A skilled nursing home in Santa Cruz County is suffering a severe outbreak of COVID-19, with 61 people having tested positive and nine dead, a county health spokeswoman said Thursday.
Of the 61 infected at the Watsonville Post-Acute Center, nine were staff. All those who died were residents and ranged in age from their early 70s to 90s, said Corinne Hyland, a public information officer for the county Department of Public Health. The facility is licensed for 95 beds.
Hyland said the facility had been following state guidelines for employee testing, which exposed the outbreak. The center reported the outbreak to the county on Sept. 17 after a resident tested positive. An outbreak at a nursing home is defined as an infection in one resident. Visitors have been barred during the pandemic, she said.
“It spread pretty quickly,” Hyland said. “Unfortunately, this is a very vulnerable population.”
Dr. David Ghilarducci, deputy health officer for Santa Cruz County, said the county’s public health staff was working closely with the facility to control the outbreak.
Santa Cruz County health officials have been visiting the facility daily to review protocols on isolation, quarantine, testing and screening, and to respond to requests for more resources.
Officials from the California Department of Public Health have made multiple visits to the facility to assess the situation and make recommendations, and the California National Guard also is providing help, the county said.
Because many nursing home employees work in more than one facility, the county immediately alerted other homes of the outbreak, Hyland said. She added that the county was tracing the contacts of the infected.
“This is really a large outbreak,” Hyland said. “We haven’t seen this sort of thing in our county until now.”
The Watsonville center’s website has reported previous infections in the past but in small numbers.
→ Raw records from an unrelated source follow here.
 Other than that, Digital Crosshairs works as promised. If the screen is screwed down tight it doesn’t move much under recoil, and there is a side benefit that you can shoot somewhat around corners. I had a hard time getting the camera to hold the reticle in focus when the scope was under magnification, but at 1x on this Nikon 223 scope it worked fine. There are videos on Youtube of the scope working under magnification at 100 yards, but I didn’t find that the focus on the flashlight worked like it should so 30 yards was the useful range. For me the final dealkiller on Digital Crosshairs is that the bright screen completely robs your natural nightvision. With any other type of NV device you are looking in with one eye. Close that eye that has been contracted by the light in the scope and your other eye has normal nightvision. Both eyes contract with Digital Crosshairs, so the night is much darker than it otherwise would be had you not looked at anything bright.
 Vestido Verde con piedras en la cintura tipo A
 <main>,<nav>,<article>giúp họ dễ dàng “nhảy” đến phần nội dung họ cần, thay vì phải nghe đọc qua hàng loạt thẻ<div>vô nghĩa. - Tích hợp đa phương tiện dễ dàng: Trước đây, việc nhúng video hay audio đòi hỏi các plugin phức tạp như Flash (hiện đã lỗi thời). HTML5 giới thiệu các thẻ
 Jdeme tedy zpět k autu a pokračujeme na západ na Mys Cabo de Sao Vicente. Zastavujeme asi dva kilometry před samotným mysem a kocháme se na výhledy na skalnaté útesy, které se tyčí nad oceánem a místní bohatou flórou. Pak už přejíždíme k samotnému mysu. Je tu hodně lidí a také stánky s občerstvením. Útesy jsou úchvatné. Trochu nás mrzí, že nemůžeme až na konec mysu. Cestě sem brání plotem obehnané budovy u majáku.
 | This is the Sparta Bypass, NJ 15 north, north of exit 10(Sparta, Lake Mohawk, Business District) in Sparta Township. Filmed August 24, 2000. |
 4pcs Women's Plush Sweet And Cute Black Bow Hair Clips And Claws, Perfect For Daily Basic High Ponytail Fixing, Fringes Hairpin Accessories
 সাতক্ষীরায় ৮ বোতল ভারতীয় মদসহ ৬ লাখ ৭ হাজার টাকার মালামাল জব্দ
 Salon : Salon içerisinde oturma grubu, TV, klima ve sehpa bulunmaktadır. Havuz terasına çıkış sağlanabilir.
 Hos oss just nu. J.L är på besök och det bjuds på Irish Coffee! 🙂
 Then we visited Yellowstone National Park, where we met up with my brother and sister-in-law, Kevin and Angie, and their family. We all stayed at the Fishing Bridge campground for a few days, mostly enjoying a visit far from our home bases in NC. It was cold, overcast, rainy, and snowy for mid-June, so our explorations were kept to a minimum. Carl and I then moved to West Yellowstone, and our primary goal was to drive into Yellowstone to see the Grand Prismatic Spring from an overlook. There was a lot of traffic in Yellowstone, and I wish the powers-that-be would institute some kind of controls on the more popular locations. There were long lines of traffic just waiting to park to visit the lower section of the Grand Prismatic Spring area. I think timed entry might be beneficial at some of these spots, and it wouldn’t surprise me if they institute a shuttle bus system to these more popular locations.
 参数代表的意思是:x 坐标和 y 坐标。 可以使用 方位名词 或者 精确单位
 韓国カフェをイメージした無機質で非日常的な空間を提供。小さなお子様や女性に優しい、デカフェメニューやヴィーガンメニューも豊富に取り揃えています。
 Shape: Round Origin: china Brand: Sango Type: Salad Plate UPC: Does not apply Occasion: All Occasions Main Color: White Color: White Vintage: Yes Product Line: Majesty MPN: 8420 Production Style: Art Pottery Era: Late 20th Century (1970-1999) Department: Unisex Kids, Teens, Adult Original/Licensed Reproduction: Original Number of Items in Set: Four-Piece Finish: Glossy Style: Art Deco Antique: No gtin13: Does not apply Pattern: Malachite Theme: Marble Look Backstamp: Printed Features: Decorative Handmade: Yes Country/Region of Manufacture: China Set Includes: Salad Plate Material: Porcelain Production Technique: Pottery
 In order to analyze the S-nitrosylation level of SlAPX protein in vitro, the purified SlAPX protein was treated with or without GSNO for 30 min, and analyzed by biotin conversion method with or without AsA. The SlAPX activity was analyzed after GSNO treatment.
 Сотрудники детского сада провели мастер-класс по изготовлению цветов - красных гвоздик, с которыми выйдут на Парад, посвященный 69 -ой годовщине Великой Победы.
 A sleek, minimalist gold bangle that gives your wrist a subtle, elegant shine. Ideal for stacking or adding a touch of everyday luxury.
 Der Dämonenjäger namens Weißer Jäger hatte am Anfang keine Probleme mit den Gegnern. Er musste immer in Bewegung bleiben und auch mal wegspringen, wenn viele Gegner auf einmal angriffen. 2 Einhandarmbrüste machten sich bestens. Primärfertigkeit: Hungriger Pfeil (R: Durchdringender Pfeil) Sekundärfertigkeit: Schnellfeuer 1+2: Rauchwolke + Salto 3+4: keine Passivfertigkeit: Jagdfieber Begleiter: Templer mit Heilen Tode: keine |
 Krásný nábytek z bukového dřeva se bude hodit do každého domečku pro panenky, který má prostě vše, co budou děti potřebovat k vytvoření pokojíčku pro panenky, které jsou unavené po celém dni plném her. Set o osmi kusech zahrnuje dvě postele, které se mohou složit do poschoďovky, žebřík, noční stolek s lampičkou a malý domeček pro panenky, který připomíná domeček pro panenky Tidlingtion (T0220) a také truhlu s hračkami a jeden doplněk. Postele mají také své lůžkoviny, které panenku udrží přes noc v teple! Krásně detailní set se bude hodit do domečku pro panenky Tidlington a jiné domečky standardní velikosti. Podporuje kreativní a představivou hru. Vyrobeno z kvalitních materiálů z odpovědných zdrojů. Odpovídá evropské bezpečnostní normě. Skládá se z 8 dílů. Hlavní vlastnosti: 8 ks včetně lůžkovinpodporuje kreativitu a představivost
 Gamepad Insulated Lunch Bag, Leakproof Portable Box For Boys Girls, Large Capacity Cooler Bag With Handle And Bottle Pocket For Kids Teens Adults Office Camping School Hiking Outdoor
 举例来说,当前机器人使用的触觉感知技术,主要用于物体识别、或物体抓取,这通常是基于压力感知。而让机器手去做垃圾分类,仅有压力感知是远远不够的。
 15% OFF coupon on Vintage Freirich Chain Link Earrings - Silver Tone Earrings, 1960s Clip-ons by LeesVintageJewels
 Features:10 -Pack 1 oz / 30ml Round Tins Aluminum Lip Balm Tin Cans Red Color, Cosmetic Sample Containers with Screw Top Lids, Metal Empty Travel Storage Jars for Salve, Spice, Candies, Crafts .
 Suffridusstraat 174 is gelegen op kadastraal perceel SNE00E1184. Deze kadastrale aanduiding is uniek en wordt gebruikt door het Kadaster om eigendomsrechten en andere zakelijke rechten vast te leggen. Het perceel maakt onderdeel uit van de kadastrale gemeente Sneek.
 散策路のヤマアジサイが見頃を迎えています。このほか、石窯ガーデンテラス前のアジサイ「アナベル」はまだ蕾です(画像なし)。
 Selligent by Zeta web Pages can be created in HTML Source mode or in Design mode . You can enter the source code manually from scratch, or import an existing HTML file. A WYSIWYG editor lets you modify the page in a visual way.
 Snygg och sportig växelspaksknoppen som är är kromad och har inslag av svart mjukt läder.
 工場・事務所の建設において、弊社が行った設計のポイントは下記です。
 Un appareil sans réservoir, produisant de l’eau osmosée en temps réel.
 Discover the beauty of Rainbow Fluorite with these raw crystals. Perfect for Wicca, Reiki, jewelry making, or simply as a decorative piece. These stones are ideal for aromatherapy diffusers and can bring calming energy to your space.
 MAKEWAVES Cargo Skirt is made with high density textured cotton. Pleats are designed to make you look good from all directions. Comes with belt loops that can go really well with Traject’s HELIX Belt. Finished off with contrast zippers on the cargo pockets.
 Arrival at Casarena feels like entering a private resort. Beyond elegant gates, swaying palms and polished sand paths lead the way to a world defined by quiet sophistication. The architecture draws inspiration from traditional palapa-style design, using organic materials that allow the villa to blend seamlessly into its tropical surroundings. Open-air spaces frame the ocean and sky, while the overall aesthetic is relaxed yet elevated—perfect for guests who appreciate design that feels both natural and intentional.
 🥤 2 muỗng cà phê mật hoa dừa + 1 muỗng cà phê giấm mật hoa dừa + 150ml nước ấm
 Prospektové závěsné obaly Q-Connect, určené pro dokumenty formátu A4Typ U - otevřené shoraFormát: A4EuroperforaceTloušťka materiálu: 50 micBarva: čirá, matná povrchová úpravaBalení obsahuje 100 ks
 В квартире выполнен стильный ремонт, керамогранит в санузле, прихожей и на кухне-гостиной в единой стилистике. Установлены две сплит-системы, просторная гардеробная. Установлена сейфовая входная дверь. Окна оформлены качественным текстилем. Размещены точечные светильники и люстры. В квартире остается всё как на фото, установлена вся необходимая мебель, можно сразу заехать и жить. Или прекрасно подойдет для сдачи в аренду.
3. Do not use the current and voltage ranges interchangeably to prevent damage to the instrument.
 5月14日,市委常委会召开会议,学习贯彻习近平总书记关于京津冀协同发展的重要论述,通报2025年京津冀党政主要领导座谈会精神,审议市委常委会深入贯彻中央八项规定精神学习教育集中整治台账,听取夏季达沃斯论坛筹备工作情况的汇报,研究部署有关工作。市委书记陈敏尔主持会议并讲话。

The website indicates that past infections have been among employees.
Gerald E. Hunter, the facility’s administrator, said on the website there were 23 residents and four staff members who were positive for the virus on Oct. 5. He said the county’s numbers reflected the total infected since the outbreak started.
“Each day we evaluate all of our residents following CDPH and County of Santa Cruz guidelines to determine whom meets the criteria to be transferred out of the unit,” said Hunter on the website. He did not immediately respond to a request for an interview.